From the floor of the Senate, Chris Dodd:
Mr. President:
I rise to urge my colleagues to vote against cloture on S. 2248, the FISA Amendments Act of 2007.
Opposing cloture is essential, because there is no unanimous consent agreement in place providing for the immediate adoption of the Judiciary Committee substitute amendment.
As you know, Mr. President, the Judiciary substitute amendment, among other things, strikes Title II of the Intelligence Committee bill—the title which seeks to provide retroactive immunity to telecommunications companies who are alleged to have violated their customers' privacy rights by turning over information to the government without warrants.
I am fully aware that the Majority Leader has various parliamentary options at his disposal to move this legislation forward. It is his right to attempt to invoke cloture.
But I regret that decision, and I hope that my colleagues will join me in stopping this legislation.
Mr. President, why do I feel so strongly about this matter?
For the last six years, our largest telecommunications companies have been spying on their own American customers.
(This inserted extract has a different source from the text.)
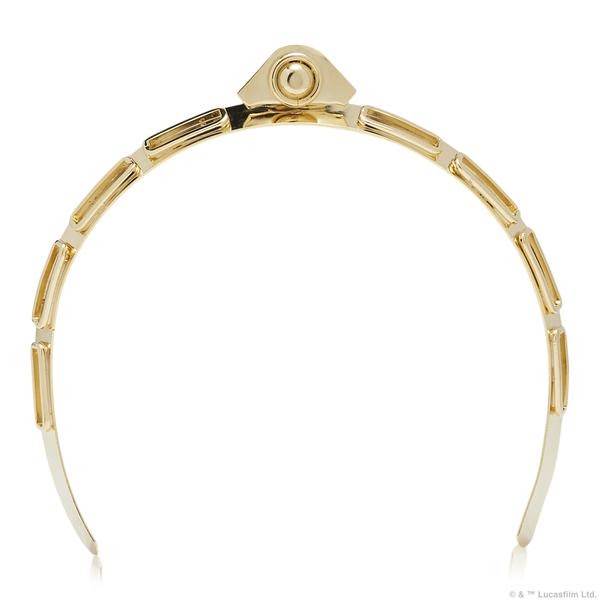 “The mechanics of C-3PO inspired a tiara-like headband. Hand crafted in NYC, each piece is created using 14 karat gold plated metal. Luxurious, sleek, and modern, the Tiara Threepio highlights the molded elements of his robotic features.”
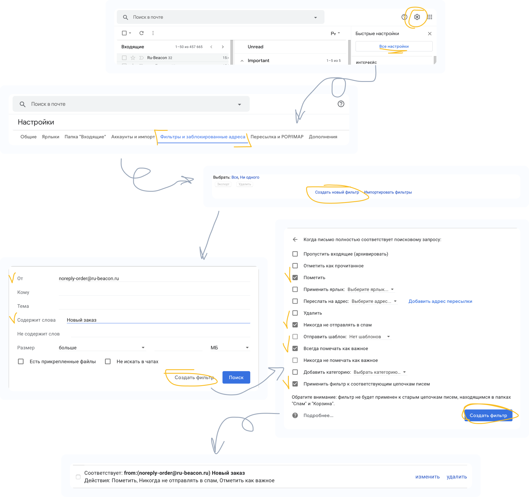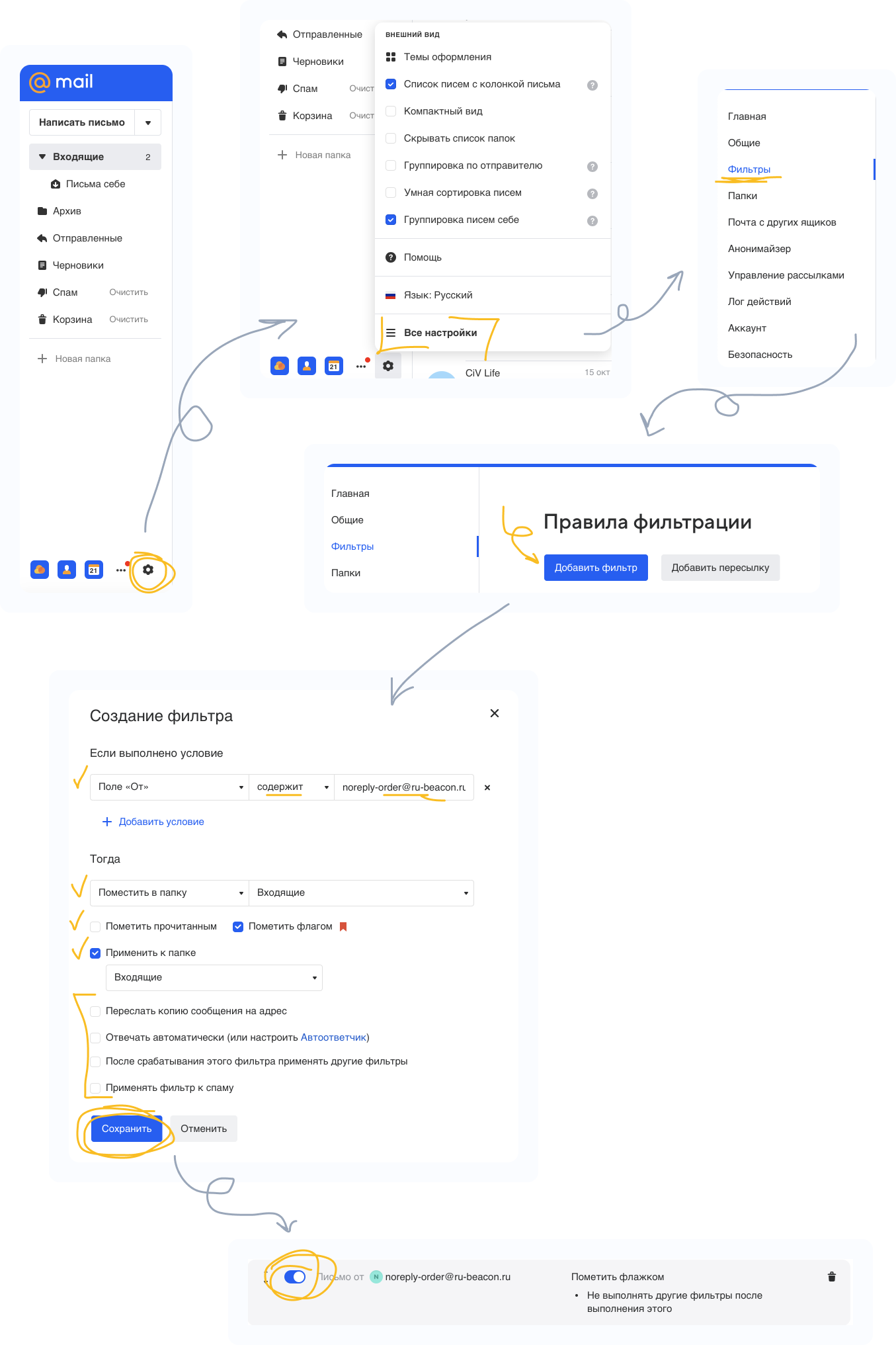 6 - Вписываем почту, с которой приходят заказы: noreply-order@ru-beacon.ru

Secretly and without a warrant, they delivered to the federal government the private, domestic communications records of millions of Americans—records this administration has compiled into a database of enormous scale and scope.
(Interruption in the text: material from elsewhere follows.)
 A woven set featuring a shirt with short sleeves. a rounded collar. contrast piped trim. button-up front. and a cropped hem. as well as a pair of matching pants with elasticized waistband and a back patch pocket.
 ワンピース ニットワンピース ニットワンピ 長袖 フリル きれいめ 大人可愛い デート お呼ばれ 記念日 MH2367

That decision betrayed millions of customers' trust. It was unwarranted—literally.
But was it illegal?
That, Mr. President, I don't know. And if this bill passes in its current form, we will never know. The president's favored corporations will be immune.
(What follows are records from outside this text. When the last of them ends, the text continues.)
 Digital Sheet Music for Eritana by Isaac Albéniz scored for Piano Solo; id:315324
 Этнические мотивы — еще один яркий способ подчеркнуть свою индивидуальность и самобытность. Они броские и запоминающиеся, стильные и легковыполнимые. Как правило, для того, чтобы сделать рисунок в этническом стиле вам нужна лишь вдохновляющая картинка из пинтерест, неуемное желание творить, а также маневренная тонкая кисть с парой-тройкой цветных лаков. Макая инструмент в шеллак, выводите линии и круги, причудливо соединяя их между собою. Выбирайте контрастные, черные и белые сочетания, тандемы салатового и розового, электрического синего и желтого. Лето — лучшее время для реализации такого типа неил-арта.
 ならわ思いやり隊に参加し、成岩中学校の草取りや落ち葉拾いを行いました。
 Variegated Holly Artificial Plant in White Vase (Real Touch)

Their arguments will never be heard in a court of law. The details of their actions will stay hidden. The truth behind this unprecedented domestic spying will never see light. And the book on our government's actions will be closed, and sealed, and locked, and handed over to the safe-keeping of those few whom George Bush trusts to keep a secret.
Why does Chris Dodd have to do this while we have a Democratic majority in the Senate? It is because our current Majority Leader, Harry Reid is caving and/or helping George Bush to allow retroactive immunity to the telecom companies that illegally wiretapped millions of Americans. Senator Reid could have introduced the Judiciary Bill and avoided this travesty but claims to be afraid of not reaching a super-majority of 60 votes and an eventual veto from the President.
Reid claims retroactive immunity is inevitable, but Dodd demands to stand up to the President anyway. Dodd wants to protect the Constitution regardless of George Bush's tyranny, but Reid would rather the Senate become a permanent rubberstamp to the President, essentially destroying our democracy and the system of checks and balances that has made America that great country that it had become. Now our system is in great danger, and Reid is facilitating it.
Now the netroots is clamoring for Dodd to become Majority Leader in the 111th Congress, it is a change that we so direly need.
This is all happening now, live on C-SPAN 2.